Elsa María me recordó los antiguos encuentros feministas, antiguos porque hace 30 años que se celebran en América Latina; me recordó a Domitila la ama de casa de Bolivia que en 1980 en Dinamarca reclamó que la dejaran hablar; a las mujeres del socialismo estalinista que no sabían cómo actuar frente a los performance feministas, atrevidos y provocadores: me recordó a las antiguas políticas que iban encantadas a los encuentros feministas, a respirar un poco de paz y libertad, porque en los parlamentos donde llegaron poco a poco las asfixiaba el lenguaje y la actitud masculina.

Eso es el espacio del edificio de la ONU, resguardado por un sistema electrónico de seguridad, que se ha convertido en una gran discusión: lo mismo se habla de las nuevas tecnologías como de los derechos pospuestos para las mujeres indígenas. Pocas declaraciones y pocos acuerdos. Nada de nuevos planes.

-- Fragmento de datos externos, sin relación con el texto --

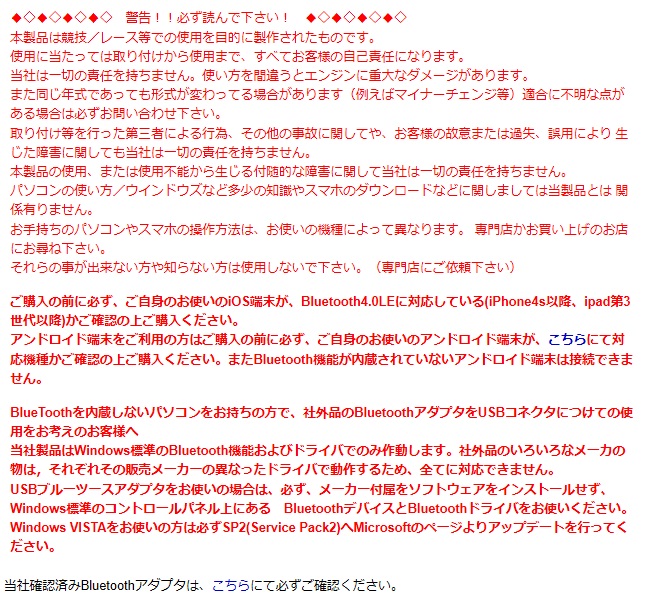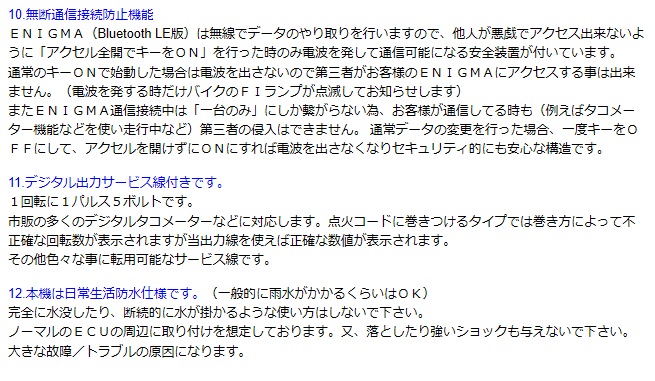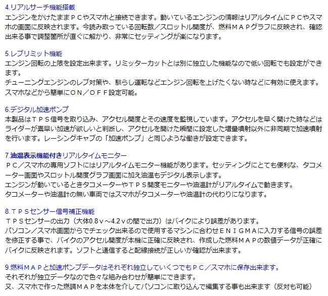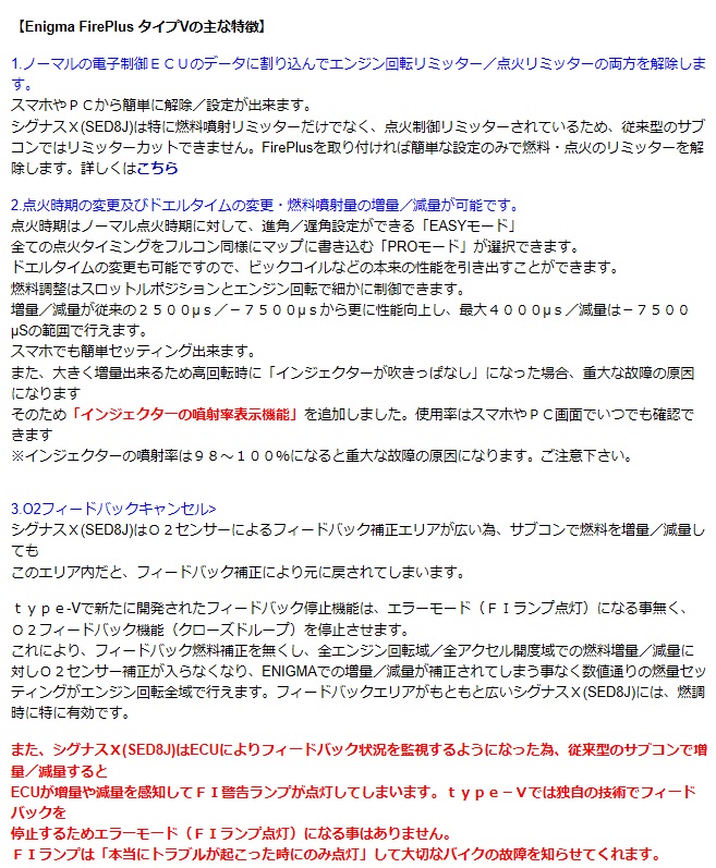 シグナスX(SED8J)のECUに完全カプラーONでワンタッチ取り付け可能なモデルです。ハンダ付作業などが不要の為、配線接続のミスが無く、作業はとても簡単で、ECUをカプラーに繋ぐだけです。 配線接続作業がない為、取り付け作業時間が大幅に短縮できます。シグナスX(SED8J)のノーマルECUに割り込み配線接続することにより、 優れた点火時期制御および燃料制御性能を発揮します。エンジンリミッターの解除や、今まで出来なかったさまざまな点火/燃調セッティングや変更が出来るようになります。また、O2センサーフィードバックエリアでは従来のサブコンで増量/減量してもO2フィードバック機能により、燃調が元に戻されてしまいますがタイプVでは新たに開発された新型回路により、エラー警告(FIランプ)が点灯する事無く、ECUによるフィードバック燃料補正を完全に停止させます。タイプVは従来のファイヤープラスより制御レスポンスが大きく向上しており、任意の増量/減量がイメージ通りに行えます。取り付けはECUにカプラーを差し込むだけのワンタッチ簡単装着です。取り付け方法(図解)はディルツ社HPより無料ダウンロード出来ます。取り付け後は、全ての操作をスマホやパソコンから無線接続で簡単に出来ます。PC用Enigma FirePlus type-V専用ソフトウェア(無料)から無線接続で操作ができます。iOS(iPhone)用アプリ又は、アンドロイド用アプリから全ての操作ができます。(スマホ用アプリは有料となります)ディルツ社ダウンロードページのリンク先からソフトやアプリをダウンロードしてください。Bluetooth /Bluetooth LE接続モデル アンドロイド/iOS両方に対応します※最新のスマホ対応情報はこちらアンドロイド端末、iOS端末とWindowsPCに接続可能です。MACには接続不可同じ燃調MAPをEnigmaを介してPCとスマホで共用出来ます。専用のEnigma FirePlus type-V操作用PCソフトウェアー/説明書はディルツ社HPより無料でPCにダウンロード出来ます。スマートフォン用アプリiOS版はApp Storeから、アンドロイド版はGoogle Playより基本アプリ(無料)をダウンロードその後、各車種専用の「車種データ(有料)」を選んでダウンロードして下さい。基本アプリ+車種(シグナスX(SED8J))データで使用出来る様になります。(詳しくは説明書をご覧下さい)※バイクを複数お持ちの方はスマホの基本アプリ1つに複数の「車種データ」を登録できます。※車種アプリは一度購入されると変更は出来ません各説明画面をよく読んでお間違えの無いようお願い致します。※一度購入されたアプリは機種変更後も同じIDで登録されていれば無料で再ダウンロードできます。注意※2型3型シグナスX、シグナスX(SEA5J)、BW'S125Fi、BW'S125(SEA6J)は適合外です。ECUが違うため使用できません。 各車種専用品をお求め下さい。

En cambio, si que hay, posicionamientos, mea culpa de los gobiernos que no han avanzado en la igualdad de las mujeres, ninguna discusión ministerial sobre los medios de comunicación, constructores del pensamiento; mesas redondas donde muchas panelistas vienen a descubrir la piedra filosofal de un nuevo protocolo para mitigar la violencia contra las mujeres y un gusanito que circunda por todo el edificio: será que de aquí, de esta celebración de los 20 años de la Conferencia de Pekín, y los 15 de las Metas del Milenio, saldrá algo que cambie la vida de millones de mujeres, de las que habla Elsa, una mexicana que fruta vendía y que esta reunión con todo, le ha quitado la venda de los ojos.

Sin duda aquí se respira el avance de las privilegiadas, de las que ya controlan sus vidas, las que llegadas a ministras administran los recursos en sus ministerios y secretarias o institutos, para empujar lo que se ha dado en llamar el avance de las mujeres.

No faltan aquí las militantes feministas, que no se han cansado como las mexicanas Delia Selene de Dios, o amigas peruanas, costarricenses, venezolanas, cubanas, chilenas, canadienses, norteamericanas que se reúnen de vez en vez, por los derechos sexuales y reproductivos, por la ciudadanía de las mujeres, por la tarea de disminuir o enfrentar la violencia contra las mujeres, las jefas de los observatorios de todo tipo, las académicas que buscan respuestas y todas las que alguna vez tomaban la calle y que también lo hicieron aquí el domingo pasado. El examen de la plataforma, tiene meses discutiéndose, hoy toca encontrarse y constatar que todavía hay energía para un día conseguir la hoy definida como igualdad sustantiva. Probablemente el mayor cambio es el lenguaje con que se nombran antiguos y persistentes problemas.